Third, under the terms of the negotiated agreement, specific mechanisms would be put in place to organize independent parent and student organizations and/or strengthen those that exist so that they truly engage the constituency for whom they presume to speak. As far as I know, student organizations of this type require for their sustenance some sponsorship by a continuing “adult”—either person or organization, and parent organizations of this type need staff support other than that which a school might provide.
Fourth, continuing mechanisms at school sites—like site councils, parent participation components or whatever—would engage in the daily implementation of programs whose efficacy would be evaluated by the independent partnership as well as by the site groups. The site groups should not be confused with the independent partnership. Let me elaborate.
The former—the continuing mechanisms at school sites—are collaborative organizational forms based on common interest, which may have emerged only after conflict, with the assumption that the parties have to immerse themselves in the details of an agreement to make its implementation work. The latter—community organizations and unions—is an alliance of organizations whose purpose is to move an agenda of equality, justice, freedom, community, security and other core values against its adversaries whose interests lead them to fight for the preservation of the status quo, and, when opportunities arise, to roll-back past gains, and dismantle the institutions necessary for a common democratic life—as corporations in the U.S. did starting in the 1970s in relation to unions; as southern politicians now are doing in their efforts to disenfranchise black voters; as the War on Poverty was used by mayors to tame insurgent forces in their cities…and on-and-on. Pay heed to Oliver Cromwell’s instruction to his troops: “Trust in God, but keep your powder dry”, and its more recent rendering during World War 2—“Praise the Lord and pass the ammunition.”
The Algebra Project (AP) offers an example of the kind of detailed involvement that is required for implementation of a reform project in schools.
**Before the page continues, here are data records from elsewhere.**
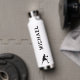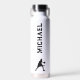 Botella de agua de baloncesto blanco y negro (22 oz.). Personalizar con nombre.
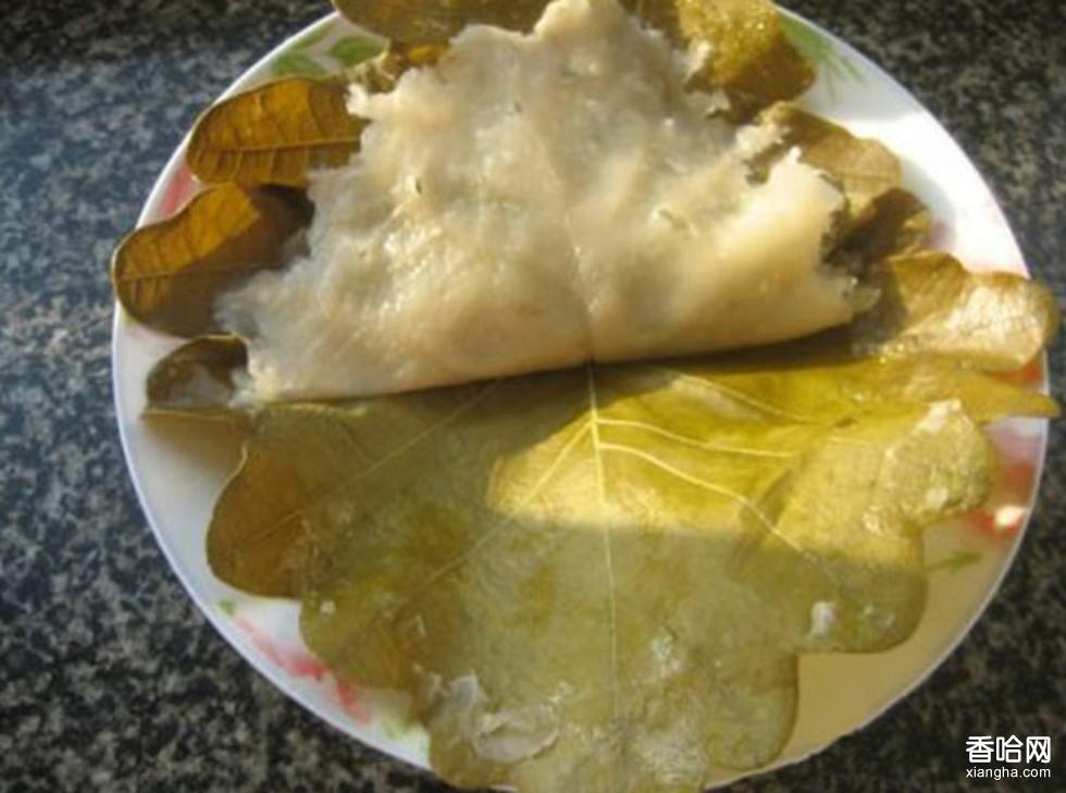 所謂玻璃葉其實就是柞樹葉,把面糊抹在柞樹葉上,放上餡,然后合在一起蒸熟,就是玻璃葉餅(有的地
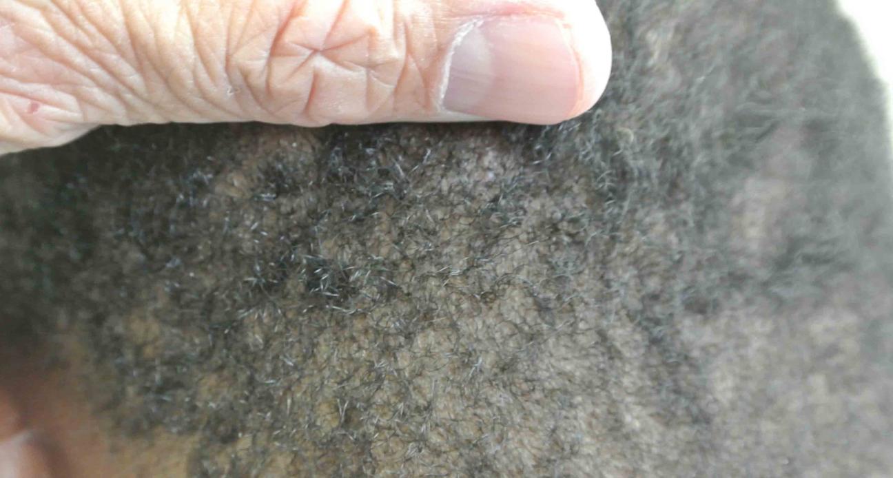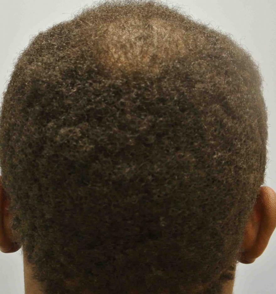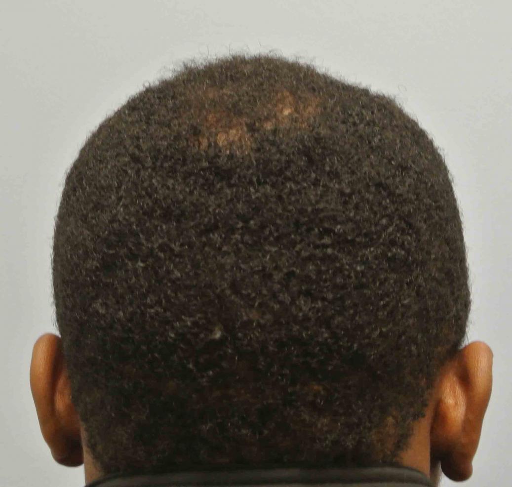 He's pretty young, likely to lose more hair, and doesn't have an unlimited donor supply. For many patients that would cause me to not offer surgery BUT he has a good hair/skin color match, and if one is going to go with a smaller case...only really curly bushy hair like he has will allow one to "get away with it" due to the excellent hairs covering way more bald scalp than most other patients...(in contrast you could never pull this off with a small case in a light skinned dark haired asian or fine haired european).
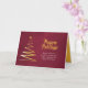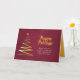 personalizable de tarjetas de felicitaciones corporativas de temporada con su propio logo con un árbol de Navidad geométrico dorado contra un lavado de color burdeos.
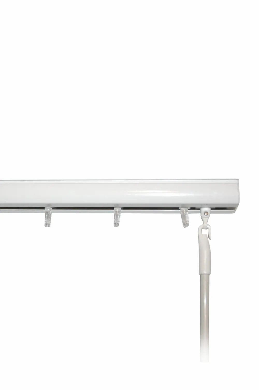 Færdigmonteret lamelgardinskinne i høj kvalitet. Manøvreringsstang for træk- og åbningsfunktion. Instruktion for forkortelse af skinnen medfølger. Kompletteres med Monoflex lameller som findes i 7 forskellige væv.
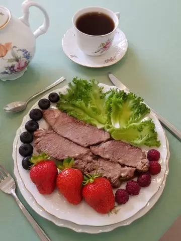 После завершения готовки говядину нарезать на кусочки и выкладывать по тарелкам, дополнив блюдо свежими листьями салата, а также ягодами: клубникой, малиной и голубикой. Это придаст не только яркость, но и удивительное сочетание вкусов. Приятного аппетита и прекрасных выходных!
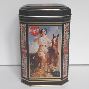 Coke collectible eight-sided tin with removable top
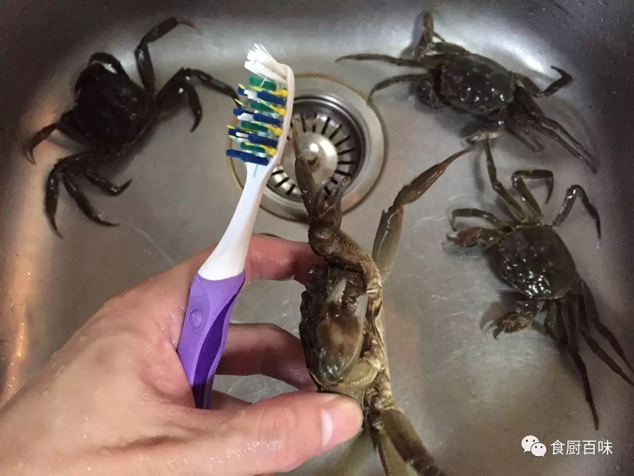 逐个清洁毛蟹的外壳,去除水草和藻类等附着生物,冲洗干净。

An alignment has to take place in a school district that, ideally, goes from the board of education and superintendent down to the district curriculum department’s staff person(s) who are in charge of math education, down to the site principal and to the math teacher who is actually going to do AP in his/her classroom. Further, there has to be a site commitment to engage students so that they want to participate in AP and are willing to do the extra work it requires beyond normal school work assignments. Finally, parents of those students have to be engaged in the process as well.
All the above are collaborative efforts, though, of course, there may be disagreements on how to proceed at any point in time. They are different from the processes of conflict, negotiation, compromise and monitoring that community organizations and labor unions engage in with “power structure” entities with which they deal.
In this understanding, implementation requires different mechanisms. Both are required.
I believe these ideas can be applied to all the public institutions that Harry Boyte talks about when he extends community organizing principles into the democratization of public institutions. I also believe that without the kind of people power indicated by this approach, there will continue to be successes that are ignored, marginalized or stamped out by systems that are frightened by their potential for transformational change.